The pattern of results in Experiment 3 does not reflect those in Experiment 2, suggesting that the more pervasive type of temporal modification of slowing the speech rate is a weaker cue than silent pauses for segmenting words. To evaluate this idea statistically, participants’ accuracy across Experiments 2 and 3 was evaluated with a logistic mixed effects model that included the interactions between the fixed effects of experiment (categorical variable: Experiment 2, Experiment 3), condition, and word type. The random effects structure included intercepts of participants and test items as well as slopes of condition and word type for test items. The fixed effects of condition and word type were contrasted as described previously. Two statistically significant interactions were identified. First, there was an experiment by word type interaction (β = −2.1, z = −9.8, p < .001), suggesting that the difference in accuracy for words and part-words was smaller in Experiment 3 than in Experiment 2. Second, there was a three-way interaction between experiment, word type, and condition contrast (16-ch vs. 8-ch; β = 1.2, z = 2.4, p < .05), suggesting that an interaction between word-type and the 16-ch vs. 8-ch contrast was larger in Experiment 3. Thus, this model is consistent with our interpretation that participants’ word segmentation from vocoded speech was facilitated only for the trisyllabic sequences that were flanked by silent pauses in Experiment 2, and not by a more universal slowing of the speech stream.
Finally, the results of the logistic mixed effect modelling of the syllable recognition task in Experiment 3 was consistent with what was observed in Experiments 1 and 2. Specifically, participants in the unprocessed condition identified a greater proportion of syllables than participants in the 16-ch condition (β = −3.6, z = −2.6, p < .01), and participants in the 16-ch condition identified a greater proportion of syllables than participants in the 8-ch condition (β = −2.14, z = −5.1, p < .001; Figure 3(C)). Syllable recognition did not predict word segmentation (unprocessed: Pearson’s R = −.42, p = .06; 16-ch: Pearson’s R = −.03, p = .91; 8-ch: Pearson’s R = .05, p = .82).
General discussion
The present studies tested the hypotheses that spectral degradation interferes with word segmentation and that salient temporal cues can restore successful segmentation. Results from three experiments affirm these hypotheses. In Experiment 1, participants segmented words from unprocessed, acoustically rich speech in an artificial language, but they did not segment words with above-chance performance when speech was filtered into either 16 or 8 spectral channels. In the 16-ch condition, they failed to segment despite robust skill in recognising individual syllables, suggesting that resolution of speech units did not account for impaired word segmentation. In Experiment 2, providing intermittent silent pauses within the speech stream (akin to overt word boundaries) aided segmentation in the two vocoded conditions. This contrasts with results from Experiment 3, which showed that slowing the rate of speech – a pervasive temporal modification – did not improve segmentation of vocoded speech.
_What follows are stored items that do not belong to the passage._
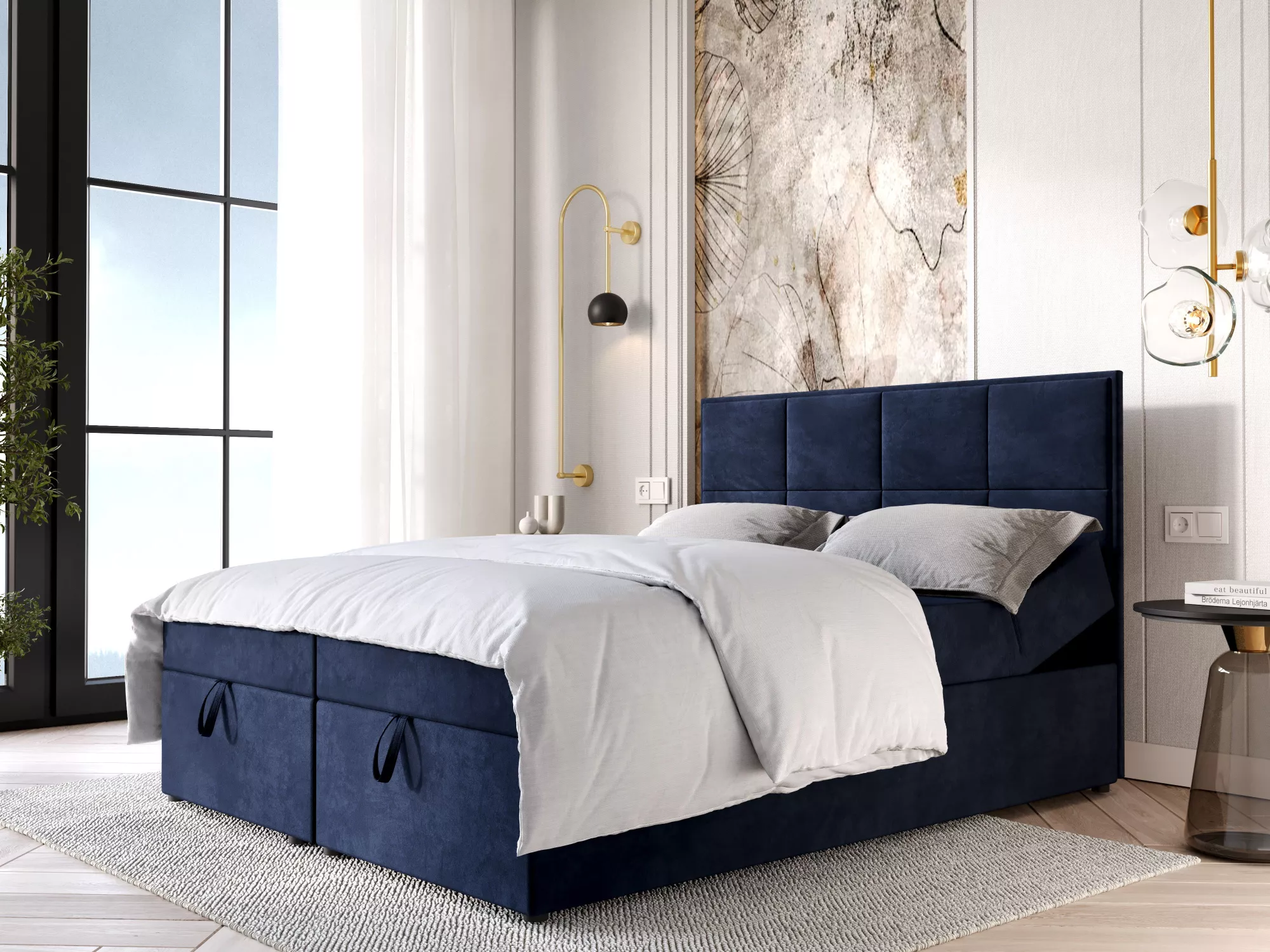 Čalouněná boxspringová postel 160x200 RAHIFA - tmavě modrá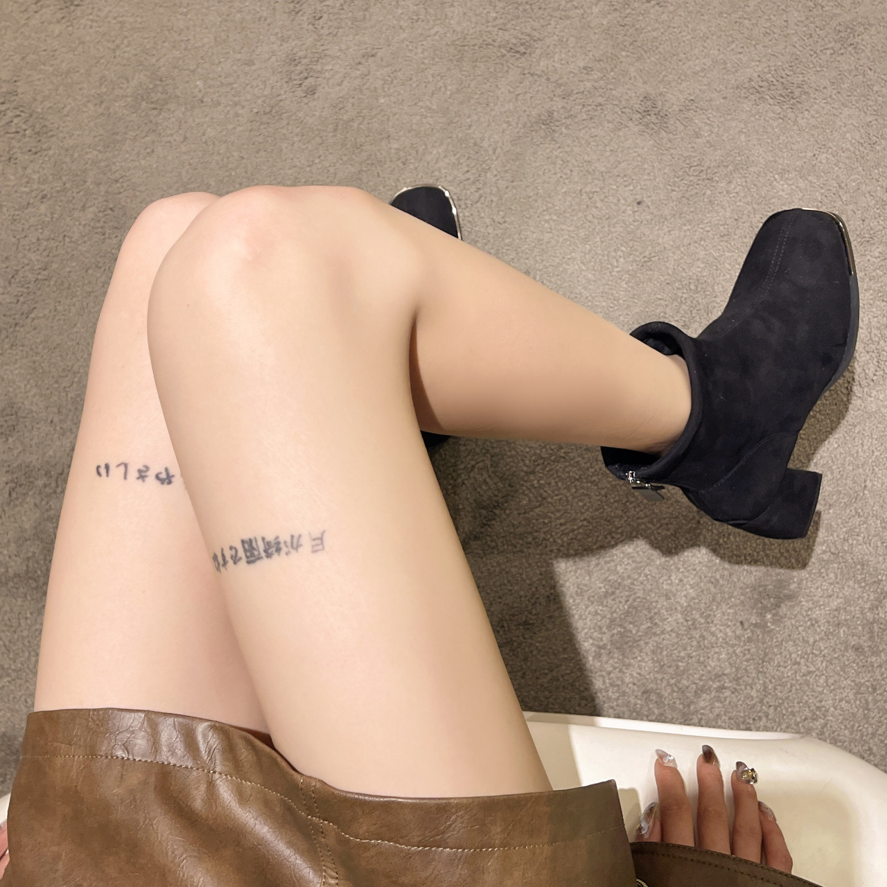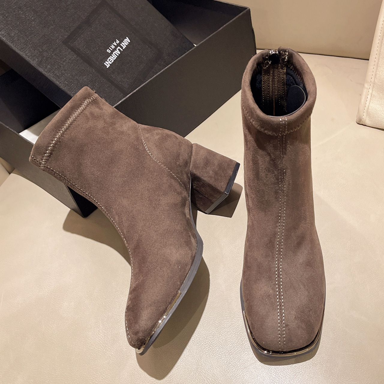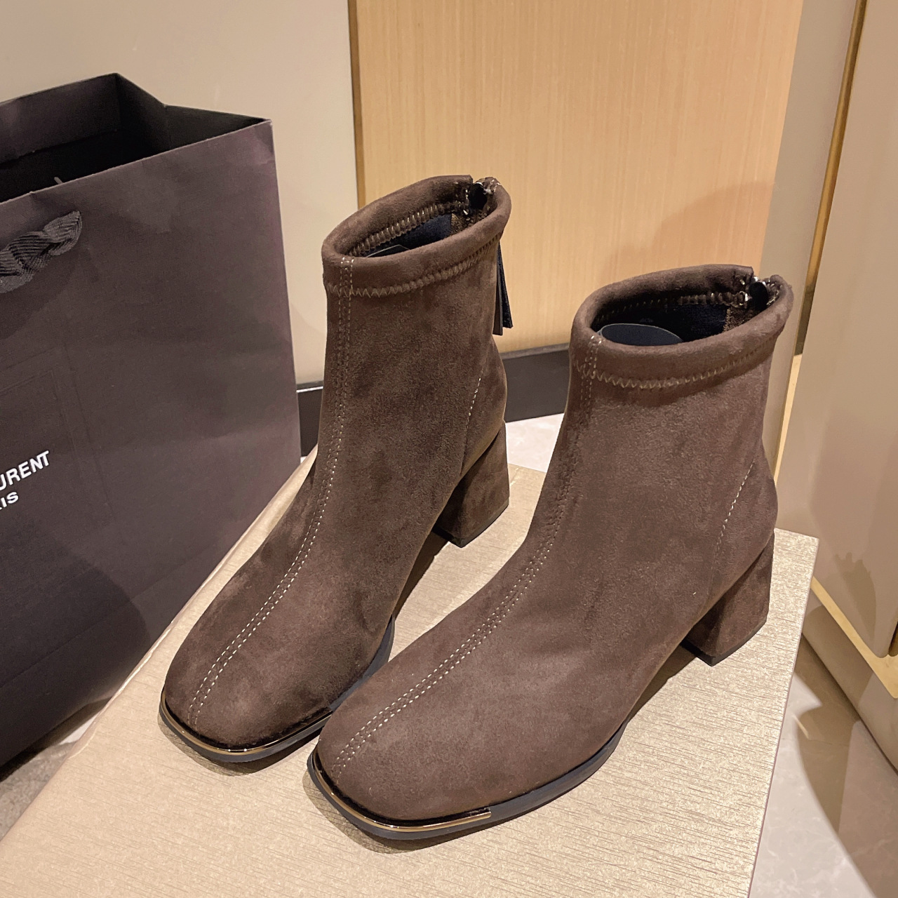 2024 겨울 새로운 영국 스타일 소 벨벳 짧은 튜브 얇은 부츠 유행 프랑스 지퍼 두꺼운 힐 짧은 부츠스토어 가기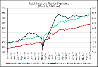 Key TakeawayThe strongest driver remains retail sales growth, which pulls plastics shipments along. Rising retail inventory relative to sales acts as a moderating or delaying factor, often slowing shipments until the overhang clears. In recent years (2023–2025), balanced inventories relative to sales help explain the steady (non-explosive) pace of plastics shipments despite solid retail growth.
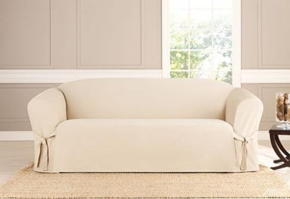 Natural Box Cushion Sofa Cotton Duck One Piece Slipcover Etsy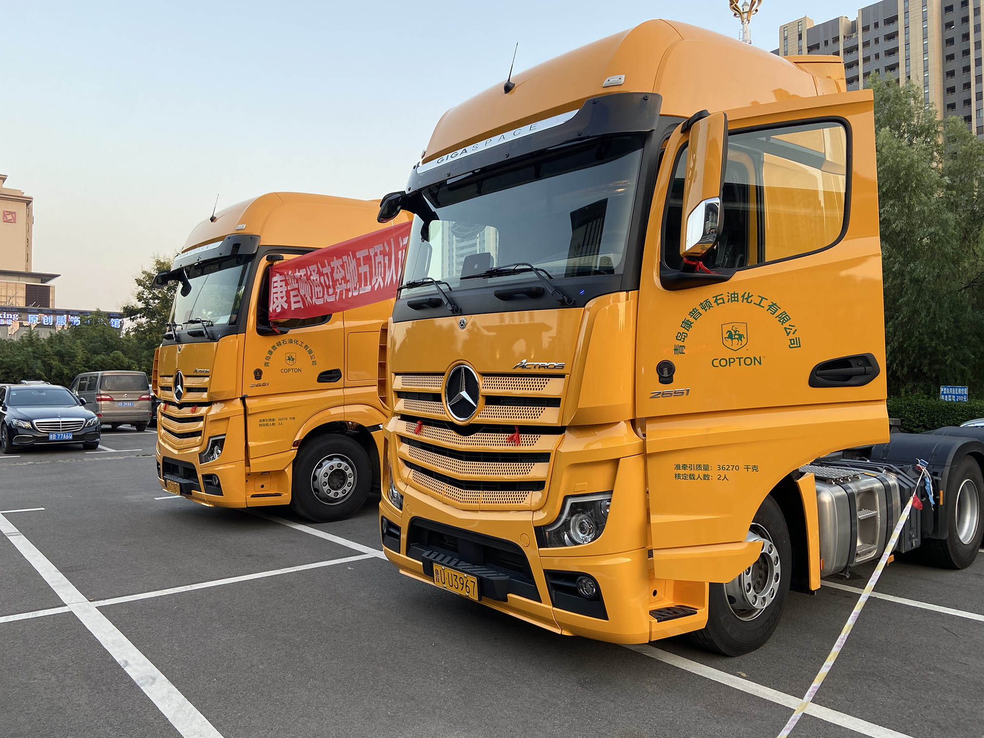 而在这场答谢会中,最令人震撼、难以忘记的是公司刚刚购买的两辆奔驰大型牵引车现场助威,这也是第一次正式助力康普顿品牌宣传。在不久前,康普顿公司再获戴姆勒奔驰的五项认证证书,可以说,康普顿与戴姆勒奔驰有着千丝万缕的联系。两辆牵引车全车以康普顿温暖的黄色为基调,不仅与寓意着丰收的秋季遥相呼应,同时温暖的黄色也展现了康普顿充满韧性的、坚定有力的走过疫情的灰暗一路向前。这两辆奔驰牵引车主要功能是用于康普顿自有商用车全系列产品的路试,作为全球最昂贵的CK-4柴机油路试车辆,康普顿将用其验证自身CK-4产品的卓越性能与优异品质。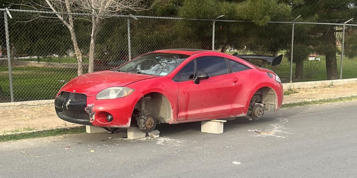 Ciudad Juárez.- Un vehículo Mitsubishi Eclipse rojo fue encontrado desvalijado y sin llantas, montado sobre bloques de concreto y madera en el parque El Chamizal, durante la madrugada.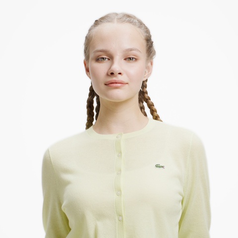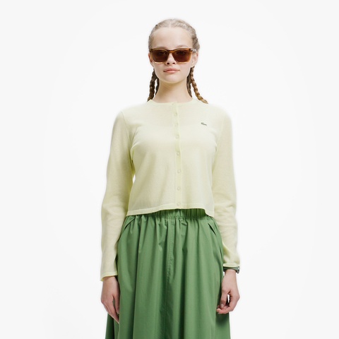 キラリと光るラメ感が高級感を生む丸首ニットカーディガン

Alongside participants’ consistent accuracy in recognising individual syllables across the three 16-ch conditions, the findings of Experiments 1 and 3 indicate that vocoding disrupts the ability to track relations between syllables. The findings of Experiment 2 suggest that salient supportive cues – in this case, isolated words and/or the pauses that flank them – can partially restore successful segmentation of degraded speech.
This investigation provides new insight into our understanding of how degraded input disrupts listeners’ processing of language. Previous research has documented that acoustically degraded speech affects adults’ use of semantic cues to predict subsequent words (Sohoglu, Peelle, Carlyon, & Davis, 2012; Winn, 2016), as well as adults’ word recognition and later memory for successfully heard words (McCoy et al., 2005). Recognition of known words is also slower and less accurate in two-year-old children who use cochlear implants (Grieco-Calub, Saffran, & Litovsky, 2009). Here, we begin to uncover the effects of degraded input on a different –and foundational – process in language learning: the tracking of patterns between sounds and syllables across time. Even when adults’ recognition of individual syllables was intact, their segmentation of word-like units was less successful when listening to vocoded speech relative to unprocessed speech. Given that word segmentation feeds into other aspects of language learning, such as word learning (Estes, Evans, Alibali, & Saffran, 2007), word recognition (Lany, Shoaib, Thompson, & Graf Estes, 2016), and reading (Arciuli & Simpson, 2012; Spencer, Kaschak, Jones, & Lonigan, 2015), difficulty at the level of detecting recurring syllable sequences in degraded speech could give rise to the disrupted language processes documented in previous research.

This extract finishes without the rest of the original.